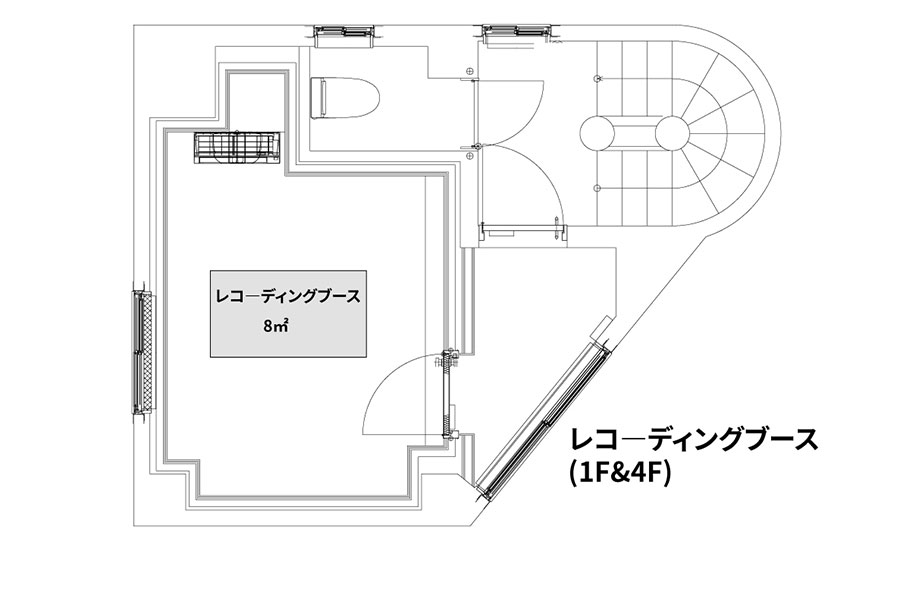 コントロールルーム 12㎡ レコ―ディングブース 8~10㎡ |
* * *
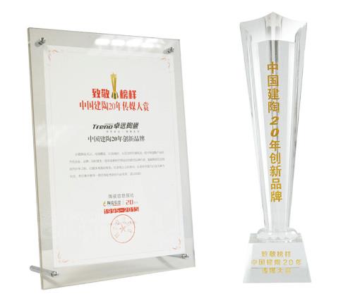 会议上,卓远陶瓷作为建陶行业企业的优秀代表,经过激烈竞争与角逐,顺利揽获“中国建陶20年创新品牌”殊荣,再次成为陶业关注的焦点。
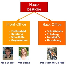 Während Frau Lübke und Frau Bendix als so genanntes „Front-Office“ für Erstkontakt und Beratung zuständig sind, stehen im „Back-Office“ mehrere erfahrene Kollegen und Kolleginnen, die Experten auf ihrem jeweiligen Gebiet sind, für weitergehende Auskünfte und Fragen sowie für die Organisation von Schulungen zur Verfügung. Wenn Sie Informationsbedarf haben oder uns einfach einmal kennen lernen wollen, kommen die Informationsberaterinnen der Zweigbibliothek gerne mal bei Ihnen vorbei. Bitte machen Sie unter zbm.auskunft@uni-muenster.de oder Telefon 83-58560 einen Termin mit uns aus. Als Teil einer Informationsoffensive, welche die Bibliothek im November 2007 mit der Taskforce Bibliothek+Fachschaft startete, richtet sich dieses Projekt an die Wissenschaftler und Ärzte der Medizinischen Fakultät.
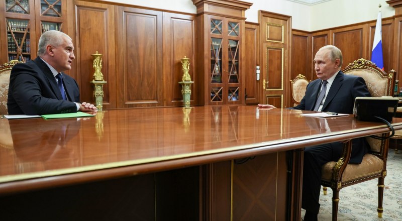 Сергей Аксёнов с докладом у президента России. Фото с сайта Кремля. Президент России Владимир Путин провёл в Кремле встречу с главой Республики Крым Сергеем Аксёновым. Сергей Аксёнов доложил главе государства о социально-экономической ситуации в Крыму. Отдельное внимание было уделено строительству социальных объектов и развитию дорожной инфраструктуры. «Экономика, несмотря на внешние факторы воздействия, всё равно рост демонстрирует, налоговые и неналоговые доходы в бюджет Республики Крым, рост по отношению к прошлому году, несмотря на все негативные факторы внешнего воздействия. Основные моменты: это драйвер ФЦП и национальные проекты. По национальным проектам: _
--
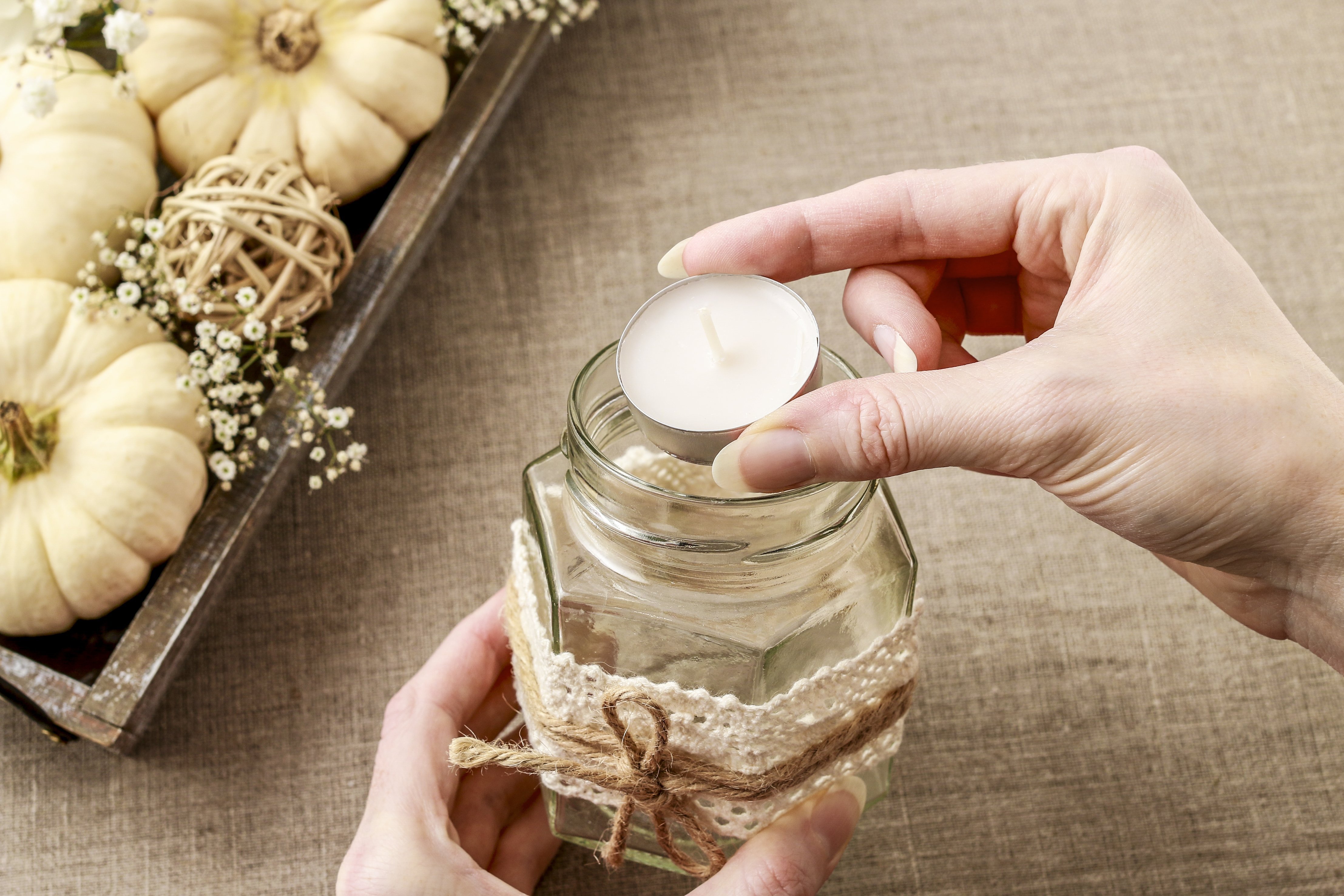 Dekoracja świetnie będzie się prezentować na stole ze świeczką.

Task.
Print nothing but the lines above starting with the line that contains "会议上,卓远陶瓷作为建陶行业" and going on through the line that contains "Während Frau Lübke". Leave out the pictures.

Answer area.
 会议上,卓远陶瓷作为建陶行业企业的优秀代表,经过激烈竞争与角逐,顺利揽获“中国建陶20年创新品牌”殊荣,再次成为陶业关注的焦点。
 Während Frau Lübke und Frau Bendix als so genanntes „Front-Office“ für Erstkontakt und Beratung zuständig sind, stehen im „Back-Office“ mehrere erfahrene Kollegen und Kolleginnen, die Experten auf ihrem jeweiligen Gebiet sind, für weitergehende Auskünfte und Fragen sowie für die Organisation von Schulungen zur Verfügung. Wenn Sie Informationsbedarf haben oder uns einfach einmal kennen lernen wollen, kommen die Informationsberaterinnen der Zweigbibliothek gerne mal bei Ihnen vorbei. Bitte machen Sie unter zbm.auskunft@uni-muenster.de oder Telefon 83-58560 einen Termin mit uns aus. Als Teil einer Informationsoffensive, welche die Bibliothek im November 2007 mit der Taskforce Bibliothek+Fachschaft startete, richtet sich dieses Projekt an die Wissenschaftler und Ärzte der Medizinischen Fakultät.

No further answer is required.